**Work required**
Within the entries below, please return exactly the lines from the one with "3. Thiết lập" through the one with "结汇最优:光大 汇率: 6.3610561000美元现汇可结汇为6361.06人民币", leaving out any pictures.

**Records for the exercise**
:::::

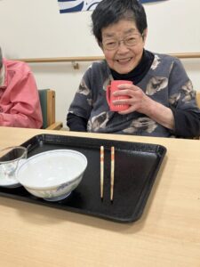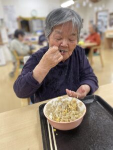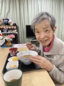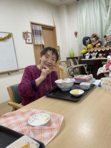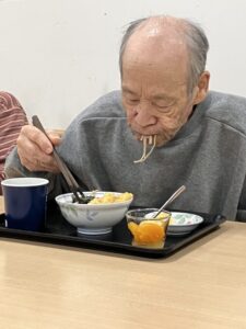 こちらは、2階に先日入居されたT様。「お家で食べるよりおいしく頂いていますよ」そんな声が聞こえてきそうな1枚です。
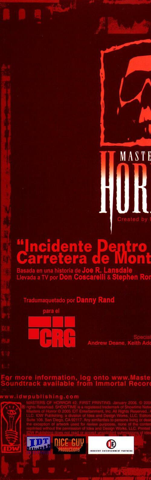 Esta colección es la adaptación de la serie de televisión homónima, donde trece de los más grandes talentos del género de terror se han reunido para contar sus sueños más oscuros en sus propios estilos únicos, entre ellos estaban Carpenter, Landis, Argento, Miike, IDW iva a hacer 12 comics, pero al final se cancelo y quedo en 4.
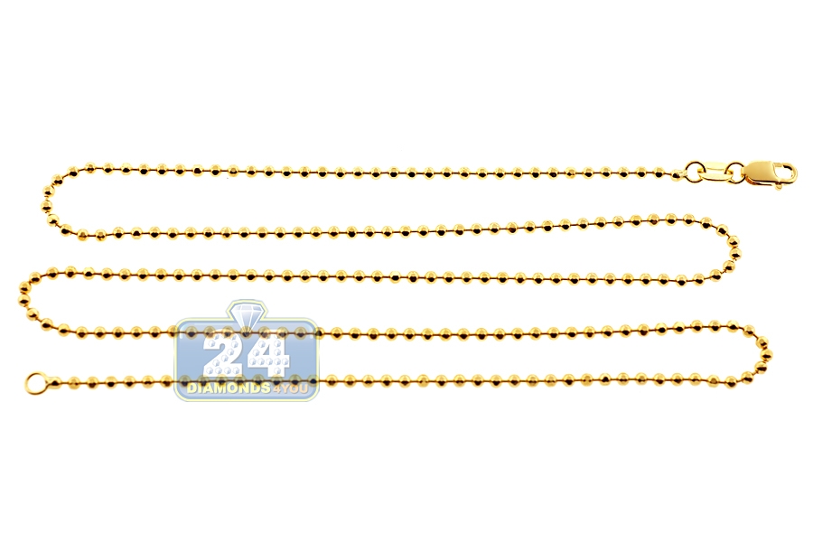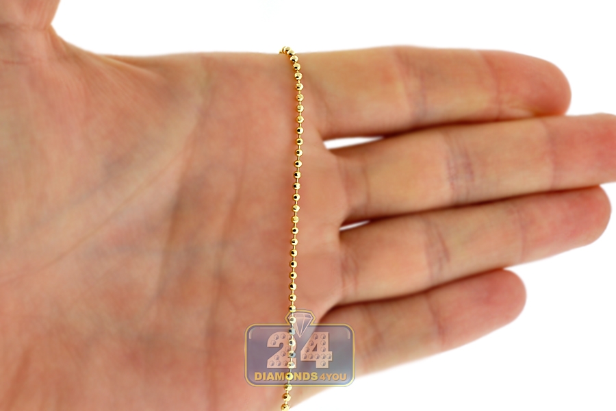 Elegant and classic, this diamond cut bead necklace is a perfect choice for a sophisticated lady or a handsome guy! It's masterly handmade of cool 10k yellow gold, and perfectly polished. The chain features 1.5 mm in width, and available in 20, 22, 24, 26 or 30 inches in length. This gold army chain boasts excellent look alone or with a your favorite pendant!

:::::

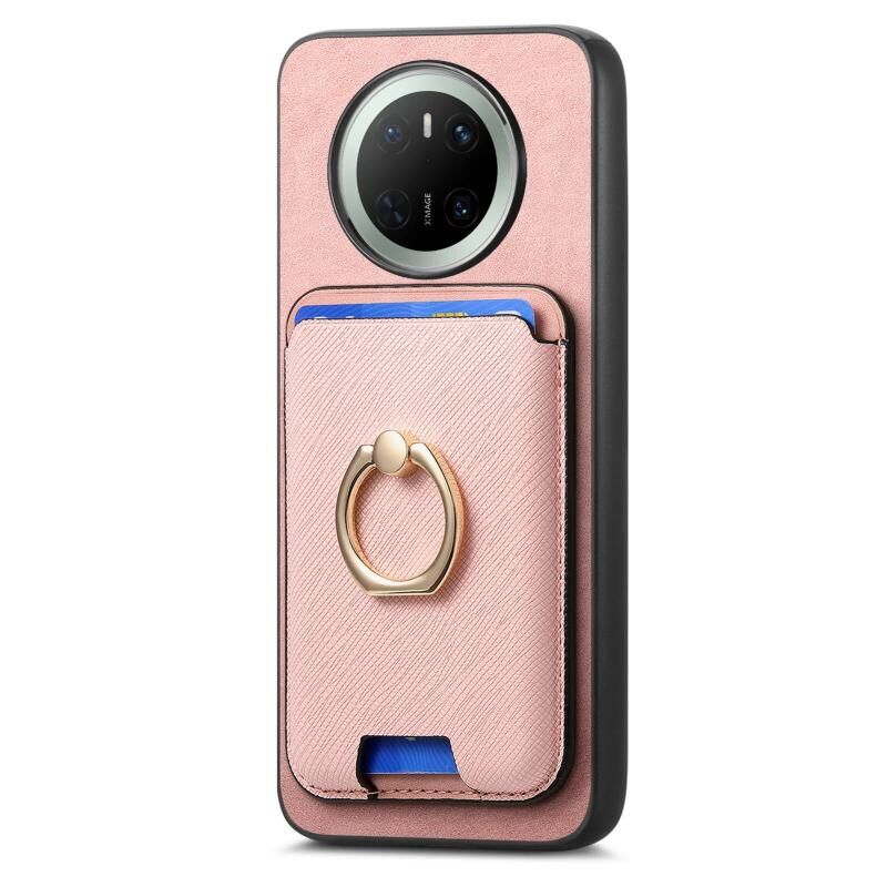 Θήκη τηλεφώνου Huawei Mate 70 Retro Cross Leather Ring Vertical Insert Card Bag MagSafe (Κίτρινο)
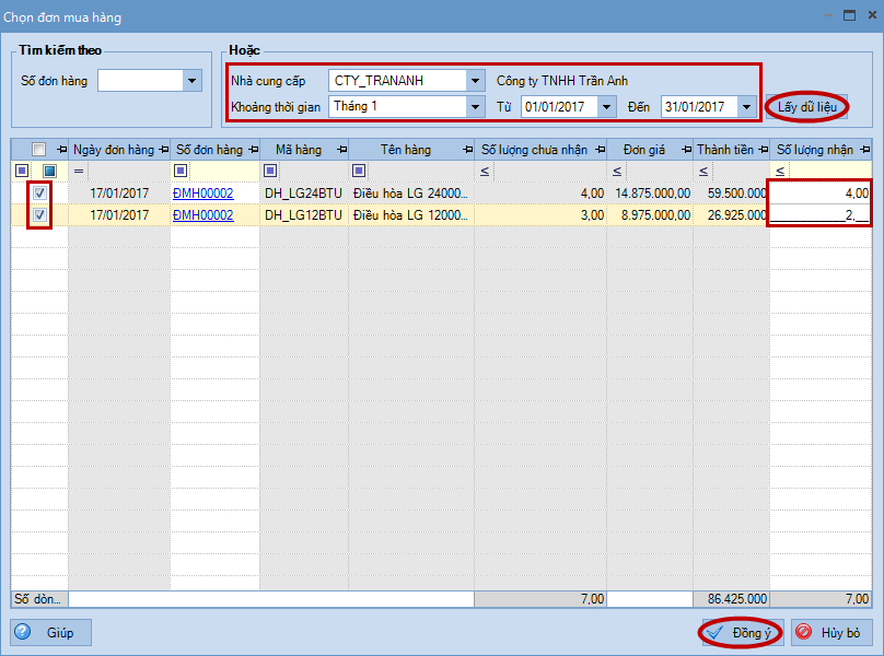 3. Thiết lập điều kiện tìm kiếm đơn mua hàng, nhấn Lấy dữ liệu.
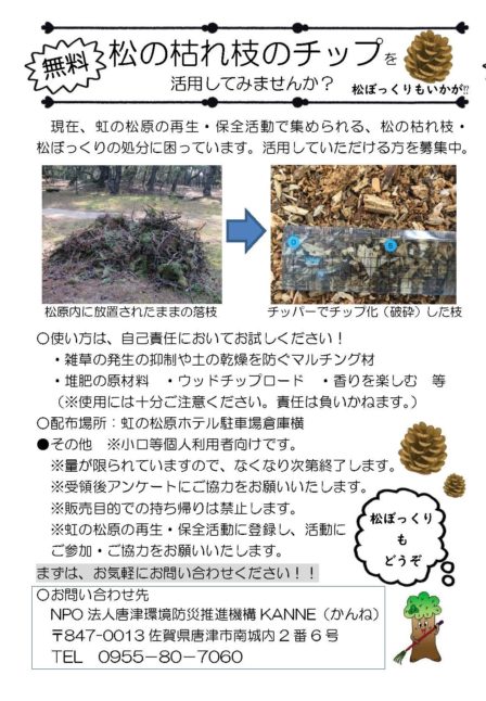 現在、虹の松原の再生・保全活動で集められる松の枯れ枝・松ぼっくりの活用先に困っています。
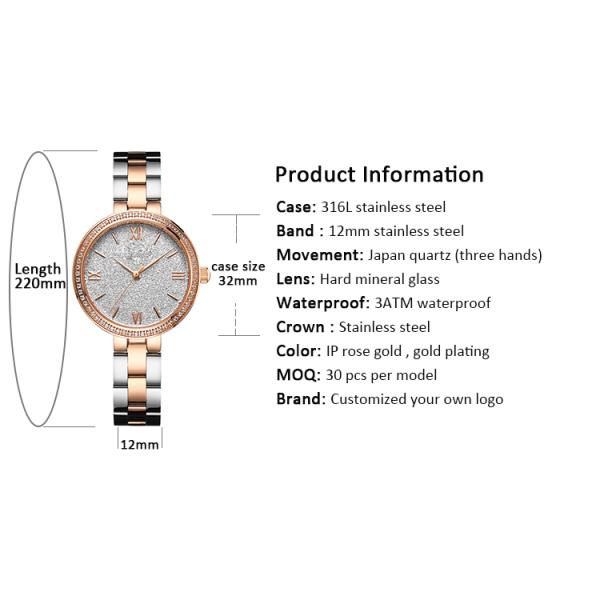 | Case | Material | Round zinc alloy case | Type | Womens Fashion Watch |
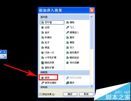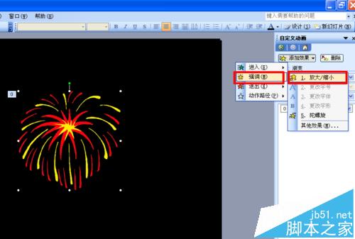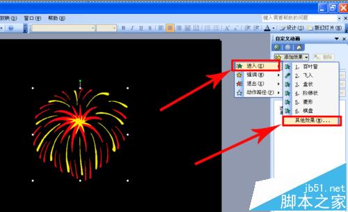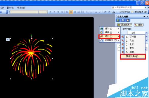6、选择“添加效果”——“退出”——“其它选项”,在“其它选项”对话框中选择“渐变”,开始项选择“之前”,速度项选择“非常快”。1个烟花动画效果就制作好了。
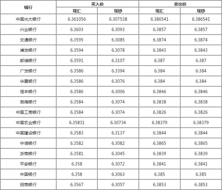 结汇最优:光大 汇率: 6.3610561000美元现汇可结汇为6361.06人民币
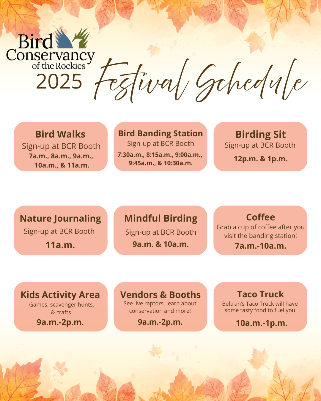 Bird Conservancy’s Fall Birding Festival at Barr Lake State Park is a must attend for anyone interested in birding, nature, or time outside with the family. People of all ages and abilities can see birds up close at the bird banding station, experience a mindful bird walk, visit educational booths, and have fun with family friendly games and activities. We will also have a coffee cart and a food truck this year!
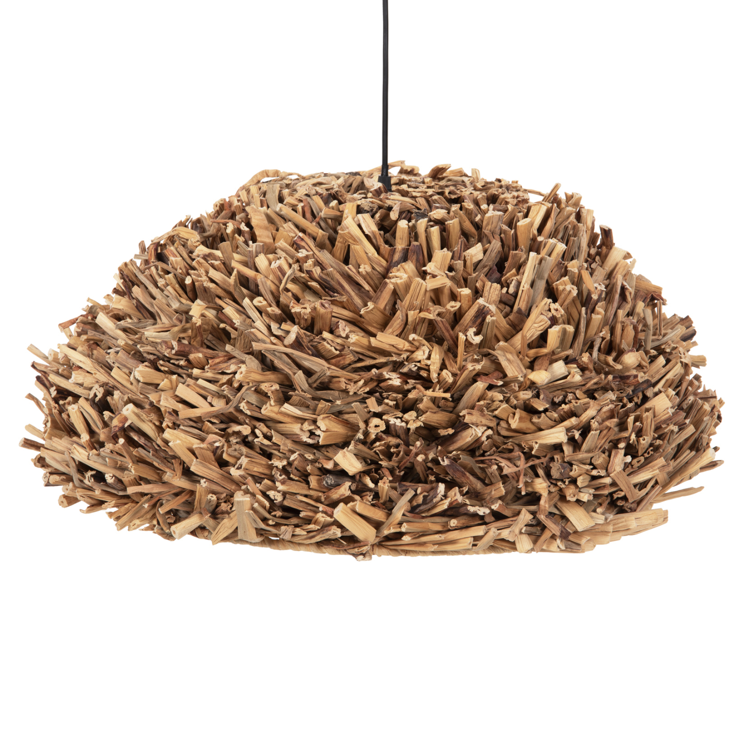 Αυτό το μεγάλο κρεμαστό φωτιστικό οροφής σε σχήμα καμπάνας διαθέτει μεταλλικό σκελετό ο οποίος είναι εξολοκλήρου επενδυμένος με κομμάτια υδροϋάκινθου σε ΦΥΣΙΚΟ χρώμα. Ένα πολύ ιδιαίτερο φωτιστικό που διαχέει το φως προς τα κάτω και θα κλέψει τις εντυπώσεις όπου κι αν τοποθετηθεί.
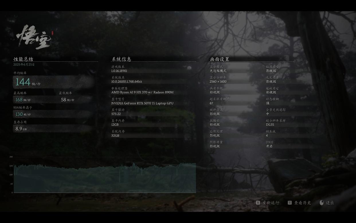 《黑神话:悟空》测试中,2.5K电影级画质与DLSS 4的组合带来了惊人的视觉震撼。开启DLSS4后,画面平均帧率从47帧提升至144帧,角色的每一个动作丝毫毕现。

:::::

**Task solution**
 3. Thiết lập điều kiện tìm kiếm đơn mua hàng, nhấn Lấy dữ liệu.
 現在、虹の松原の再生・保全活動で集められる松の枯れ枝・松ぼっくりの活用先に困っています。
 | Case | Material | Round zinc alloy case | Type | Womens Fashion Watch |
6、选择“添加效果”——“退出”——“其它选项”,在“其它选项”对话框中选择“渐变”,开始项选择“之前”,速度项选择“非常快”。1个烟花动画效果就制作好了。
 结汇最优:光大 汇率: 6.3610561000美元现汇可结汇为6361.06人民币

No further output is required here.